Physically, my weekend started with an early morning flight down from where I live in the Pacific Northwest to attend a wedding in my old home in the Southwest. But mentally, my weekend started with running into a high school acquaintance who didn’t remember me while changing planes in Phoenix.
Had I really changed so much? I wondered as I settled into the 30-minute puddle-jump to Flagstaff. I tried to read my book, but there was a nagging feeling in the back of my head that wondered what else had changed beyond recognition. Can you ever go home again?
It was good to be back, but it was also strange. In my mind, Flagstaff is a constant of the universe — frozen in time like an air bubble in ice. But it isn’t like that at all. As I have grown and changed, so has this timeless place. People have drifted away. Relationships have evolved. New townhouses have sprung up in what used to be the empty Sawmill lot. Several of my old hangouts, like the Mad Italian and Tacos Locos, have been wiped from the map.

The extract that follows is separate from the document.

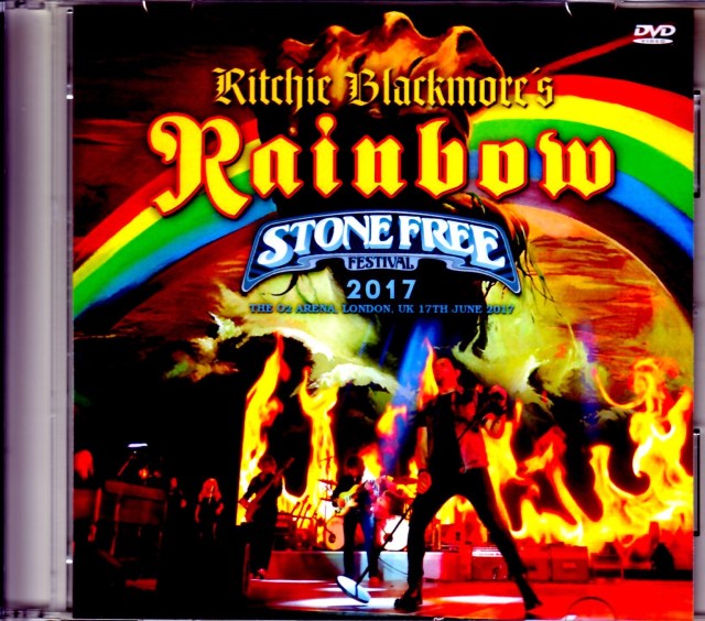 "21st Century RAINBOW" has restarted! The video title that reports on the first night of "Ritchie the Rock" who took the stage again as promised has been decided! It's been a year since that shocking revival. In 2017, Richie came back to play rock. This work contains the first day, "June 17, 2017: London performance". It is an audience shot when he appeared as the headliner of the British rock festival "STONE FREE FESTIVAL". First, let's check the current live schedule. "RITCHIE BLACKMORE'S RAINBOW" June 17: London performance [This work] June 22: Manchester performance (cancelled) June 25: Glasgow performance June 28: Birmingham performance "BLACKMORE'S NIGHT" July 30-August 19: Europe (9 performances) These are the currently announced schedules. Initially, RAINBOW was scheduled to perform four shows, but a terrorist bombing occurred at the Manchester Arena, the venue for the Manchester performance. The venue was unavailable and the performance was canceled. The London performance of this work is the very first day. Before this, Richie stood on stage for the last time at BLACKMORE'S NIGHT on October 29th last year (you can enjoy the pattern on the live album "HARRISBURG 2016"). It was not only RAINBOW, but also Richie's first stage of 2017. This work, which reports on such a show as quickly as possible, is a collection of videos spelled out with numerous audience shots. The footage began to overflow immediately after the show, but there is still no shot of the entire show. At this point in time, it is a collection of the best shots of each song and a reproduction of almost the entire show (unfortunately, "Difficult to Cure" and the drum solo are not included). Therefore, it is not possible to say "the angle is ○○" or "the image quality is △△", but this is a carefully selected one. All of the images are of the finest quality and sound, made possible by modern digital equipment, and Richie's facial expressions and gestures are vivid and perfect. And the show of "RAINBOW 2017" depicted by that sound is what is attracting attention. The set itself is based on the best Birmingham performance last year, but has been slightly changed. Instead of the purple songs "Highway Star" and "Perfect Strangers", "I Surrender", "All Night Long" and "Still I'm Sad" have been added. Although "Woman From Tokyo" is slightly sandwiched in "Man on the Silver Mountain", the show is more intense and rainbow-colored overall. The opening scene also strongly appeals to the "rainbow". The newly recorded version of "Land of Hope and Glory", which was recently released, is also new, but the pole position that leads to "Over the Rainbow" is "Spotlight Kid"! Last year they played "Highway Star," but this song really makes me feel like it's "RAINBOW!". There were many other things different from last year. First of all, the stage set has changed. The mechanical rainbow arch from last year is gone, and a giant monitor is in charge of the production. The images projected on it are excellent. In "Still I'm Sad," nostalgic flyers and jackets appear one after another (Japanese company names in katakana...), in "Burn," a huge flame burns, and in "Child in Time," a huge eyeball glares at the audience. And at the end of the song, there is even a "punchline" where you can see that the eye is from the jacket of "STRAIGHT BETWEEN THE EYES" (but why this song?). Even more touching than that are "Man on the Silver Mountain" and "Long Live Rock 'n' Roll." A young Ronnie James Dio is projected, standing next to Richie and singing passionately. Last year's rainbow arch was amazing, so it's surprising (or rather, disappointing) that it will be over after only three performances, but it's a production that only happens in 2017, when giant monitors are all the rage. In addition, a surprise guest also appeared on this day. In "Since You Been Gone," the original author Russ Ballard will also participate in the performance on guitar! The audience at the venue was in a "Who is this guy?" state, but this is amazing. I think many people will be seeing "Russ Ballard in motion" for the first time. Anyway, RAINBOW has started moving again. The "rainbow dream" that was hotly aroused a year ago. You can enjoy "that continuation" over the next two weeks. This work is the first to announce the beginning. A real-time experience that can be enjoyed again in the 21st century. Live at the O2 Arena, London, UK 17th June 2017 (93:16) 1. Land of Hope and Glory 2. Over the Rainbow 3. Spotlight Kid 4. I Surrender 5. Mistreated 6. Since You Been Gone(with Russ Ballard) 7. Man on the Silver Mountain 8. Soldier of Fortune 9. All Night Long 10. Child in Time 11. Stargazer 12. Still I'm Sad 13. Long Live Rock 'n' Roll 14. Black Night 15. Burn 16. Catch the Rainbow 17. Smoke on the Water COLOR NTSC Approx. 93min.

“You can’t go back home,” Thomas Wolf wrote in 1940. “Back home to your childhood…back home to a young man’s dreams of glory and of fame…back home to places in the country, back home to the old forms and systems of things which once seemed everlasting but which are changing all the time — back home to the escapes of Time and Memory.”
I think there is truth in his words. As my friend Chris said over breakfast at Martanne’s, we have an expectation that nothing has changed when we return home and are surprised to find that while you’ve been growing and having new experiences, so has everyone else.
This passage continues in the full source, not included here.